Lehnert Nicolai, Fujisawa Kiyoshi, Solomon Edward I
Department of Chemistry, Stanford University, Stanford, California 94305-5080, USA.
Inorg Chem. 2003 Jan 27;42(2):469-81. doi: 10.1021/ic020496g.
The spectroscopic properties and electronic structure of the four-coordinate high-spin [FeIII(L3)(OOtBu)]+ complex (1; L3 = hydrotris(3-tert-butyl-5-isopropyl-1-pyrazolyl)borate; tBu = tert-butyl) are investigated and compared to the six-coordinated high-spin [Fe(6-Me3TPA)(OHx)(OOtBu)]x+ system (TPA = tris(2-pyridylmethyl)amine, x = 1 or 2) studied earlier [Lehnert, N.; Ho, R. Y. N.; Que, L., Jr.; Solomon, E. I. J. Am. Chem. Soc. 2001, 123, 12802-12816]. Complex 1 is characterized by Raman features at 889 and 830 cm-1 which are assigned to the O-O stretch (mixed with the symmetric C-C stretch) and a band at 625 cm-1 that corresponds to nu(Fe-O). The UV-vis spectrum shows a charge-transfer (CT) transition at 510 nm from the alkylperoxo pi v* (v = vertical to C-O-O plane) to a d orbital of Fe(III). A second CT is identified from MCD at 370 nm that is assigned to a transition from pi h* (h = horizontal to C-O-O plane) to an Fe(III) d orbital. For the TPA complex the pi v* CT is at 560 nm while the pi h* CT is to higher energy than 250 nm. These spectroscopic differences between four- and six-coordinate Fe(III)-OOR complexes are interpreted on the basis of their different ligand fields. In addition, the electronic structure of Fe-OOPtn complexes with the biologically relevant pterinperoxo ligand are investigated.
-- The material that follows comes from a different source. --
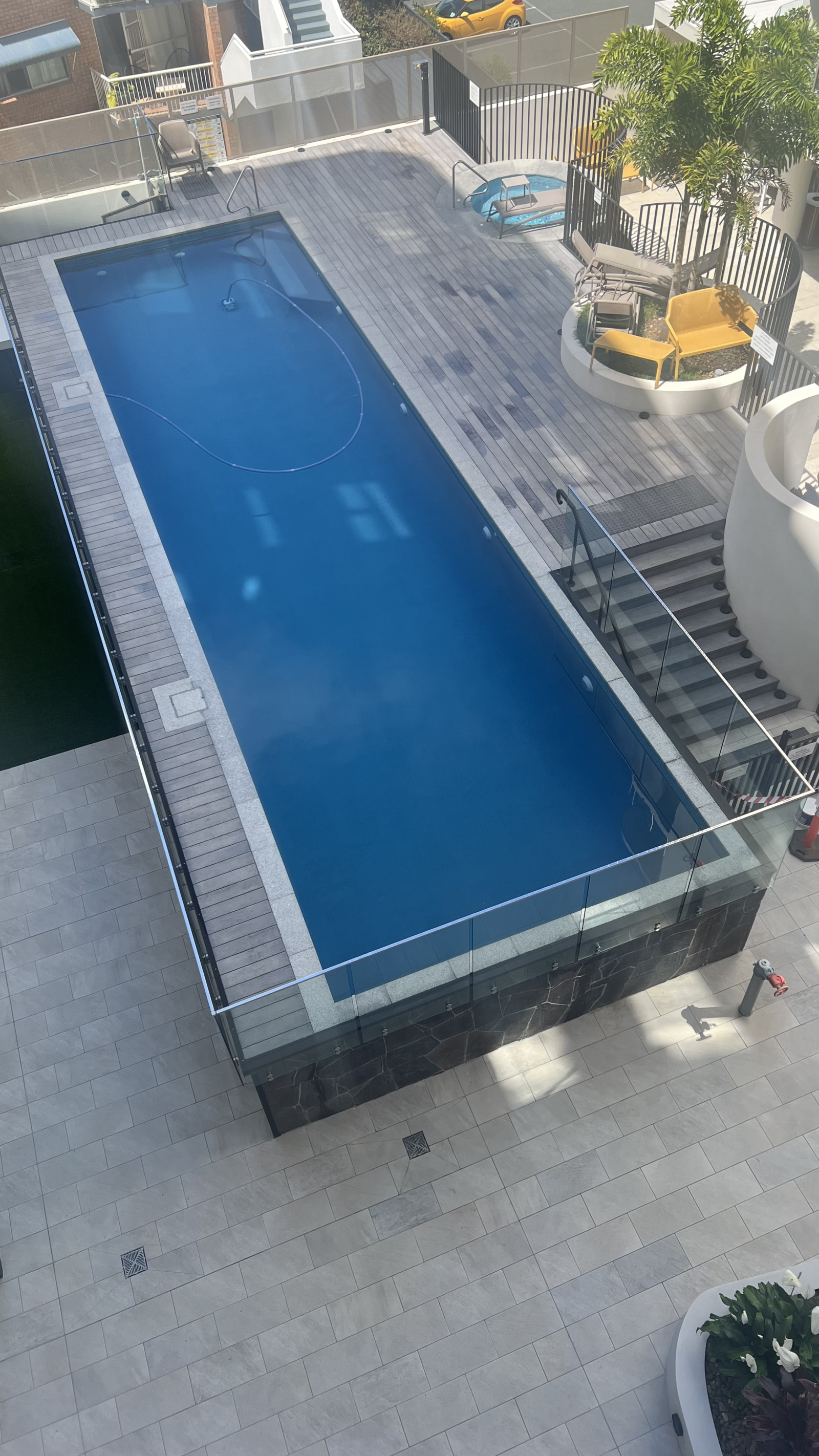The lift will take you straight to the apartment with your special key . There is rubbish shoot and room for recycling next to the lift and you look down to the pool from front entrance of our apartment and also has a view over new city which a 5 min walk ftom us.

Substitution of the tert-butyl group in 1 by pterin leads to the corresponding Fe(III)-OOPtn species (2), which shows a stronger electron donation from the peroxide to Fe(III) than 1. This is related to the lower ionization potential of pterin. Reduction of 2 by one electron leads to the Fe(II)-OOPtn complex (3), which is relevant as a model for potential intermediates in pterin-dependent hydroxylases. However, in the four-coordinate ligand field of 3, the additional electron is located in a nonbonding d orbital of iron. Hence, the pterinperoxo ligand is not activated for heterolytic cleavage of the O-O bond in this system. This is also evident from the calculated reaction energies that are endothermic by at least 20 kcal/mol.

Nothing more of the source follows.